• _Problem details_: The required output is the run of lines from the one holding "Для цеха с конвертерами" through the final line of the listing, restated word for word, with no pictures.

Data segment section start

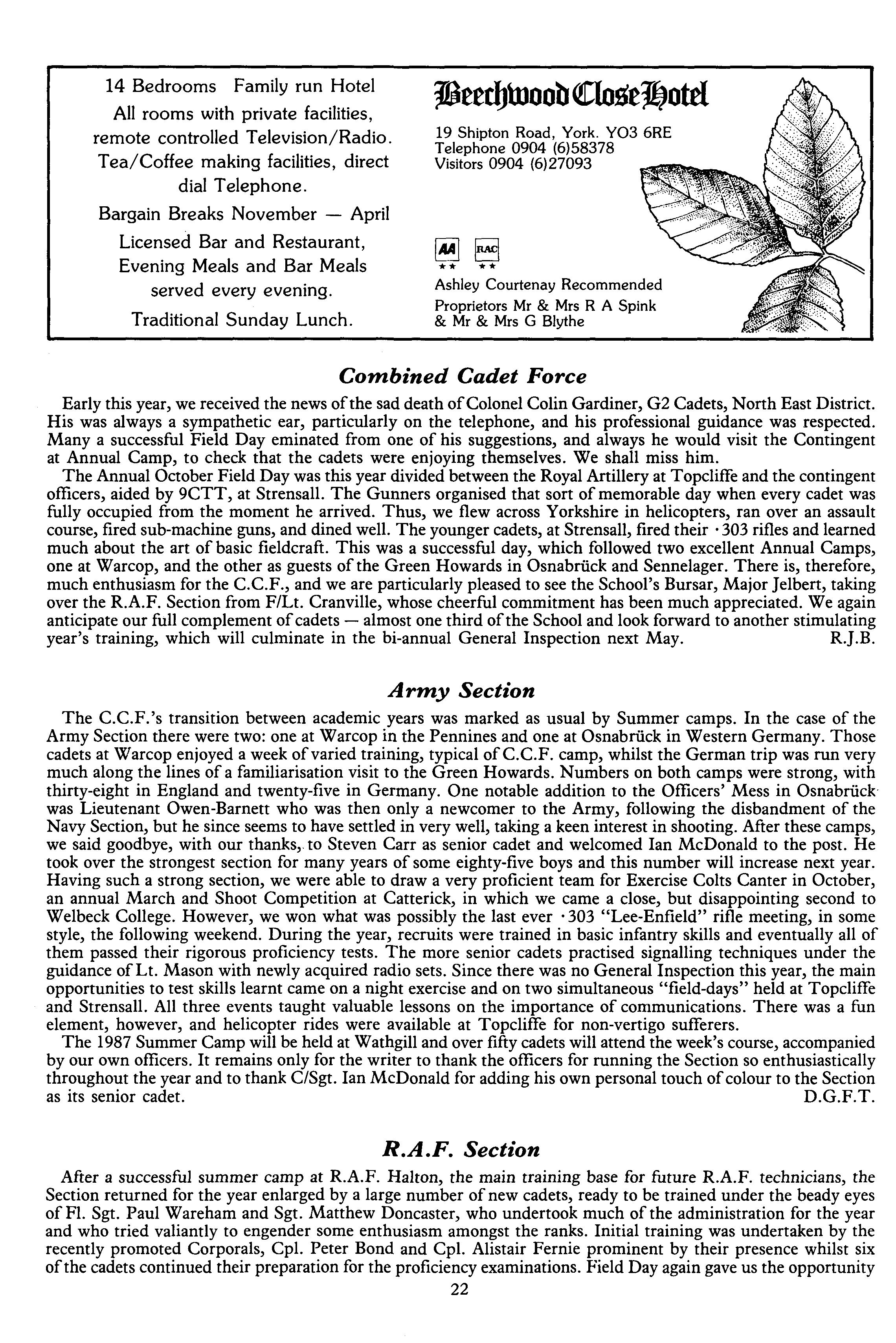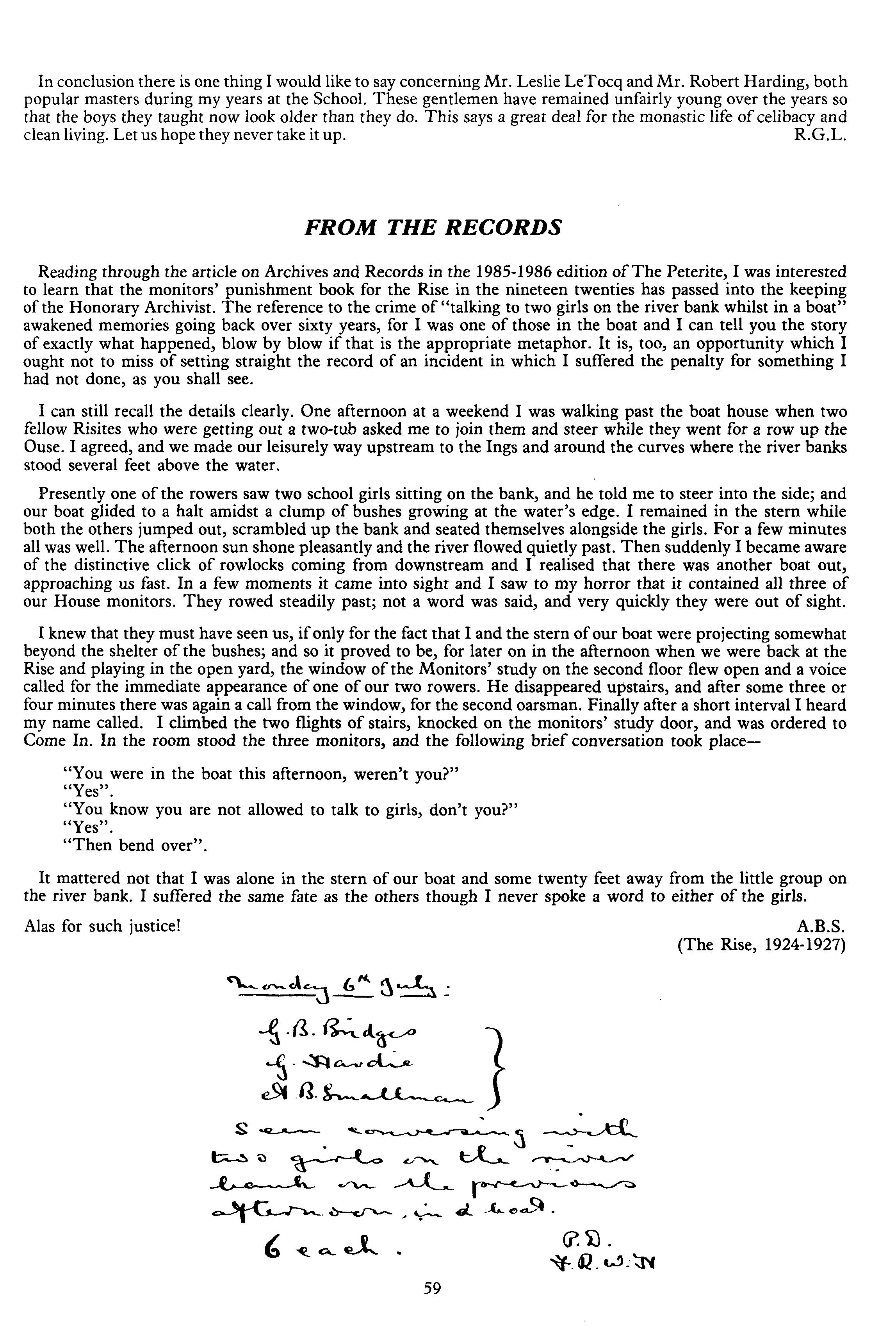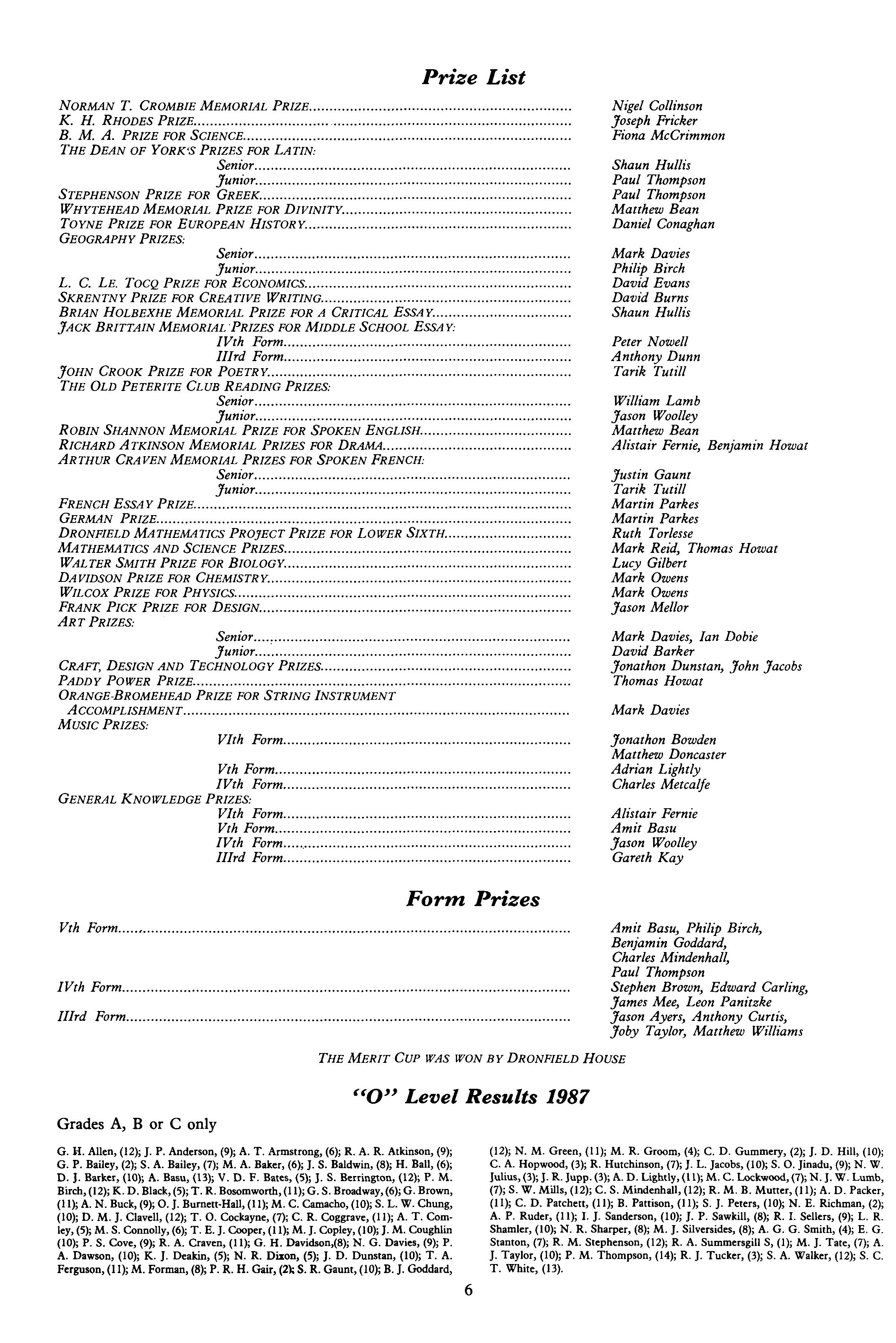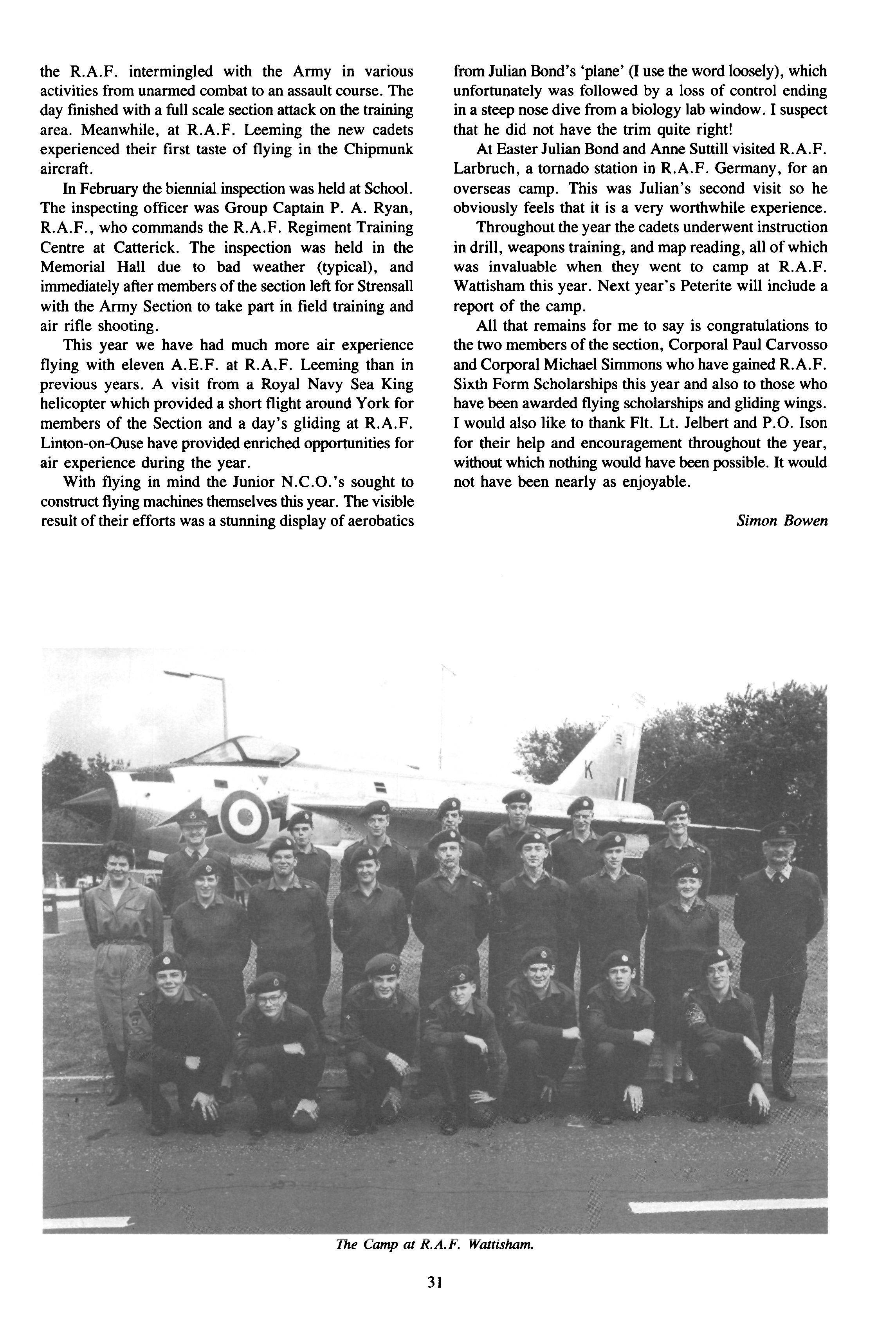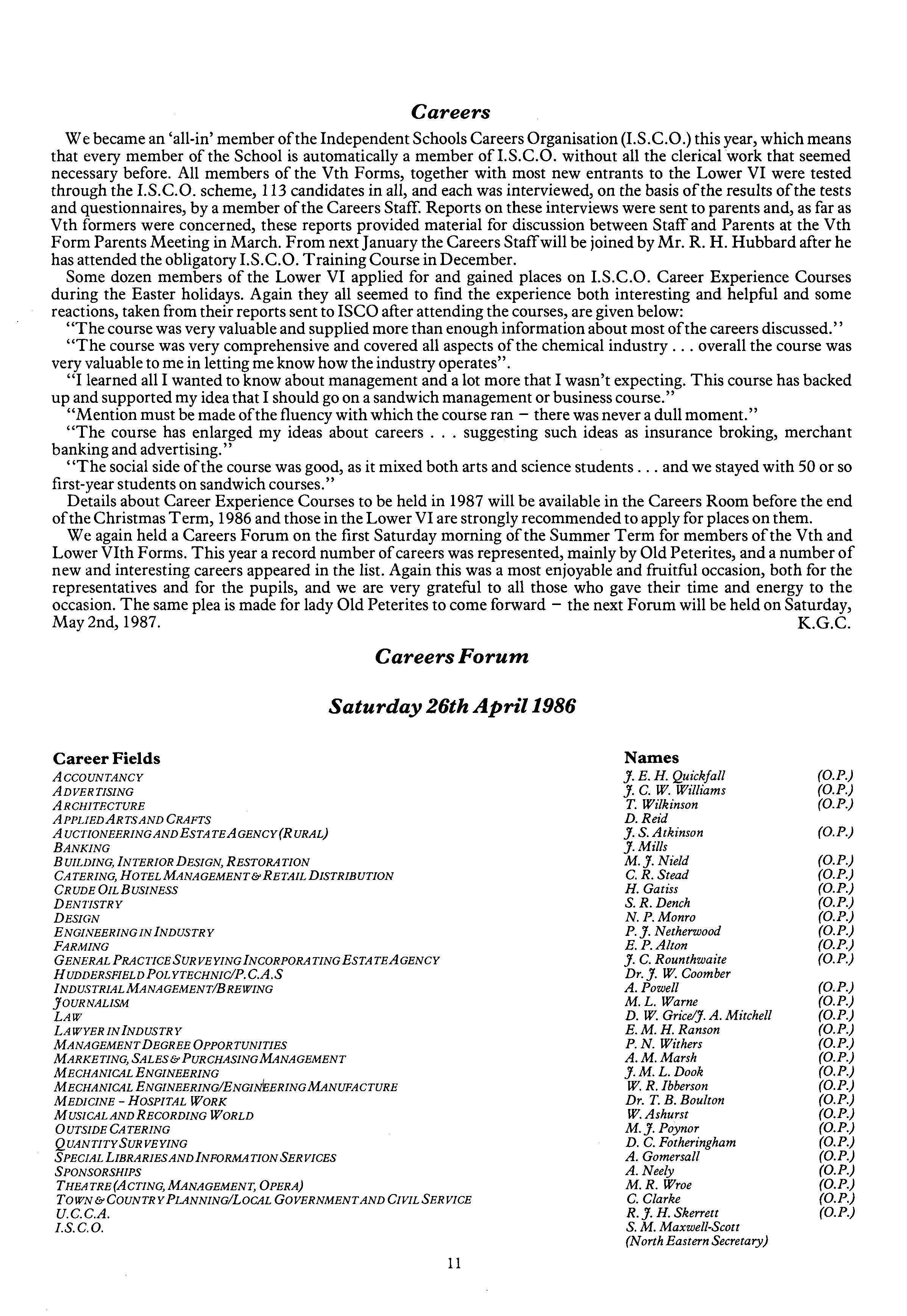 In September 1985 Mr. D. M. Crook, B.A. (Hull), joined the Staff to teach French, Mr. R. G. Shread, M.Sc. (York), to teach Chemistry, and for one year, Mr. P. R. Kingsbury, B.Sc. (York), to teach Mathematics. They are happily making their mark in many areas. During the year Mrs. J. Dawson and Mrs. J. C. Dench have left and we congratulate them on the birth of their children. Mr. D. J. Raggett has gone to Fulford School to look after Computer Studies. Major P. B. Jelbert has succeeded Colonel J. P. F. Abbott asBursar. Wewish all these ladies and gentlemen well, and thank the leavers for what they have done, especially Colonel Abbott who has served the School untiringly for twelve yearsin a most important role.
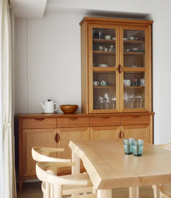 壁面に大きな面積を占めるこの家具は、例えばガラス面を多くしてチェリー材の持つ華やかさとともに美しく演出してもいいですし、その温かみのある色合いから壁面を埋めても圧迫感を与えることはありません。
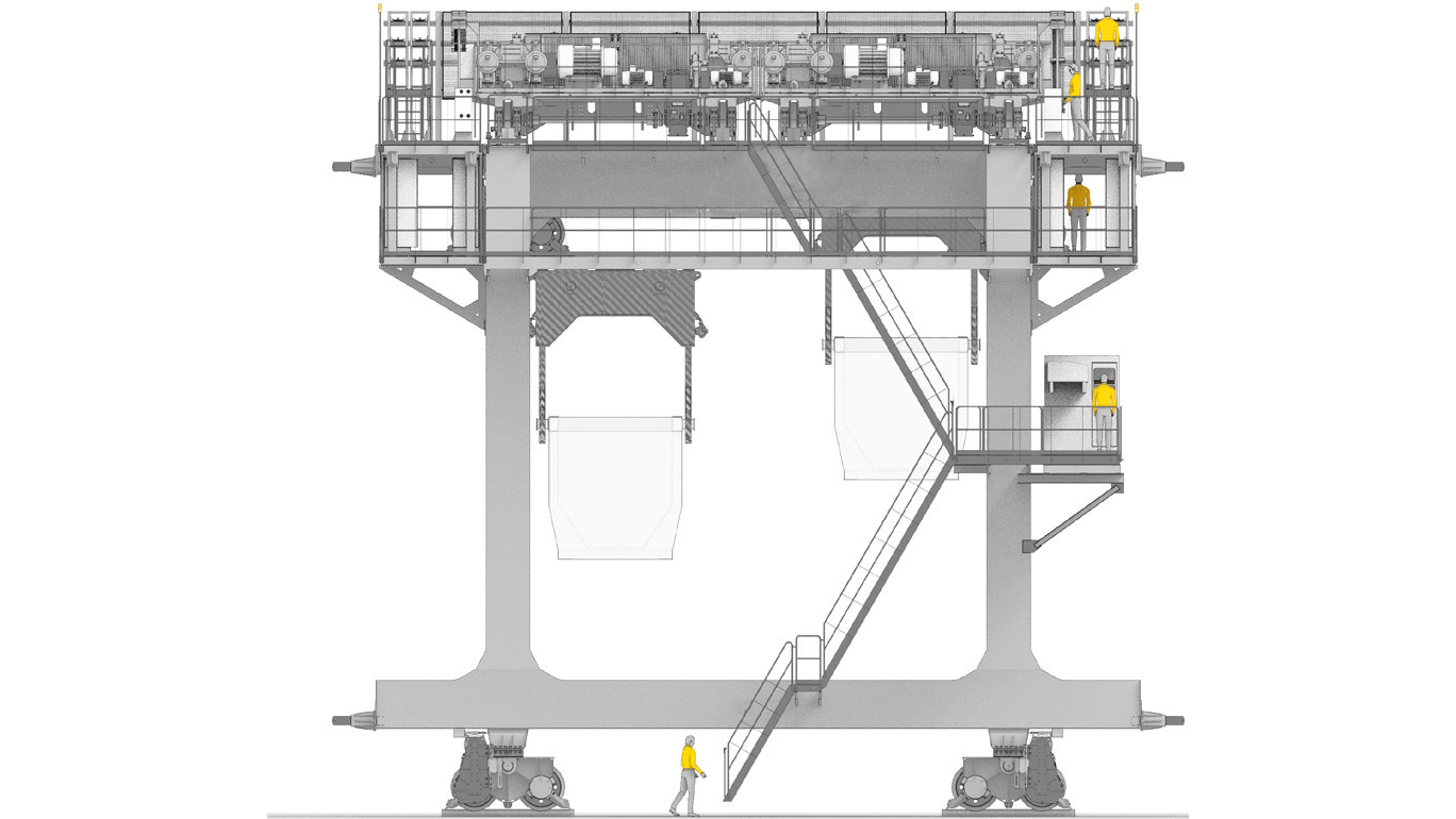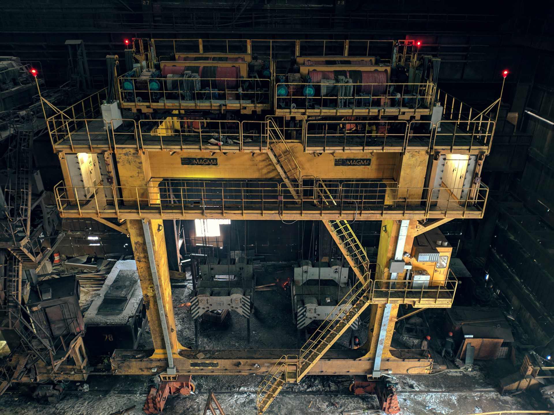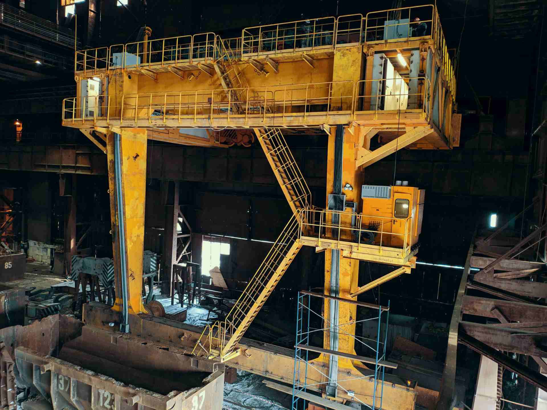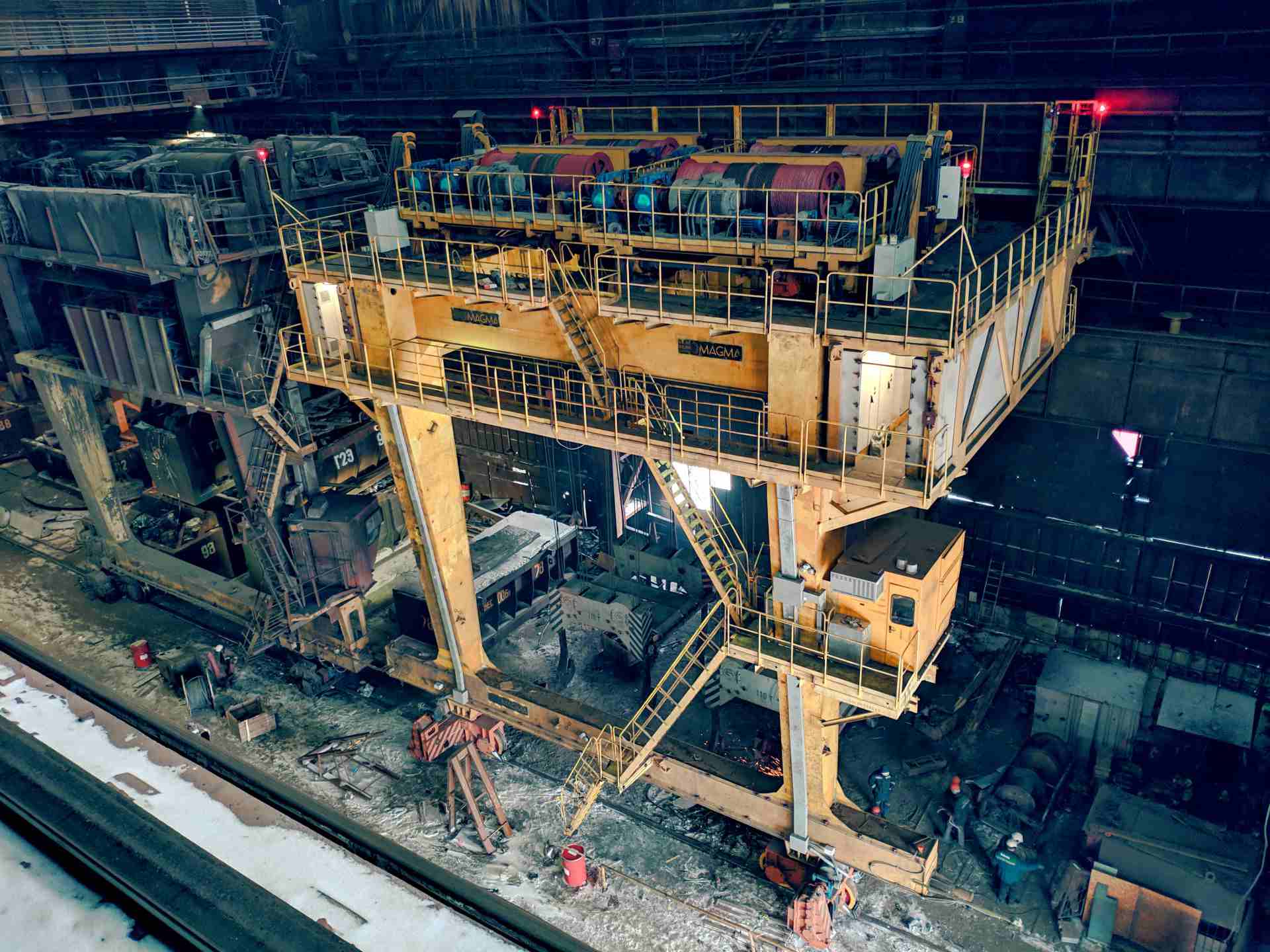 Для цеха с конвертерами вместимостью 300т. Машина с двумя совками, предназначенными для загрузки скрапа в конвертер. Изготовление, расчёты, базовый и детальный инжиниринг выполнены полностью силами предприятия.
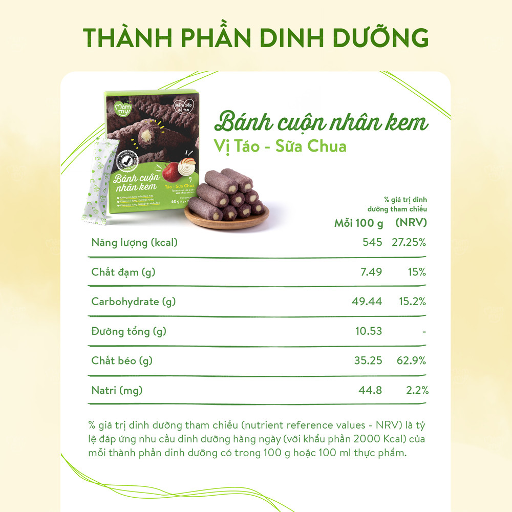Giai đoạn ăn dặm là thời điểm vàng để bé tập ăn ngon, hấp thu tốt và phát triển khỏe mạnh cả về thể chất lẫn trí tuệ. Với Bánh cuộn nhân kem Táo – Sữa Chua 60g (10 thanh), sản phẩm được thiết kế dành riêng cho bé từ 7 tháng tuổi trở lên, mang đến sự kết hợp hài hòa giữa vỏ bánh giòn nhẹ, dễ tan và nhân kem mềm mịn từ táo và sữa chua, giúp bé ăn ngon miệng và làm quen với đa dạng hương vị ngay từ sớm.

Data segment section end

• _Exercise answer_:
 Для цеха с конвертерами вместимостью 300т. Машина с двумя совками, предназначенными для загрузки скрапа в конвертер. Изготовление, расчёты, базовый и детальный инжиниринг выполнены полностью силами предприятия.
Giai đoạn ăn dặm là thời điểm vàng để bé tập ăn ngon, hấp thu tốt và phát triển khỏe mạnh cả về thể chất lẫn trí tuệ. Với Bánh cuộn nhân kem Táo – Sữa Chua 60g (10 thanh), sản phẩm được thiết kế dành riêng cho bé từ 7 tháng tuổi trở lên, mang đến sự kết hợp hài hòa giữa vỏ bánh giòn nhẹ, dễ tan và nhân kem mềm mịn từ táo và sữa chua, giúp bé ăn ngon miệng và làm quen với đa dạng hương vị ngay từ sớm.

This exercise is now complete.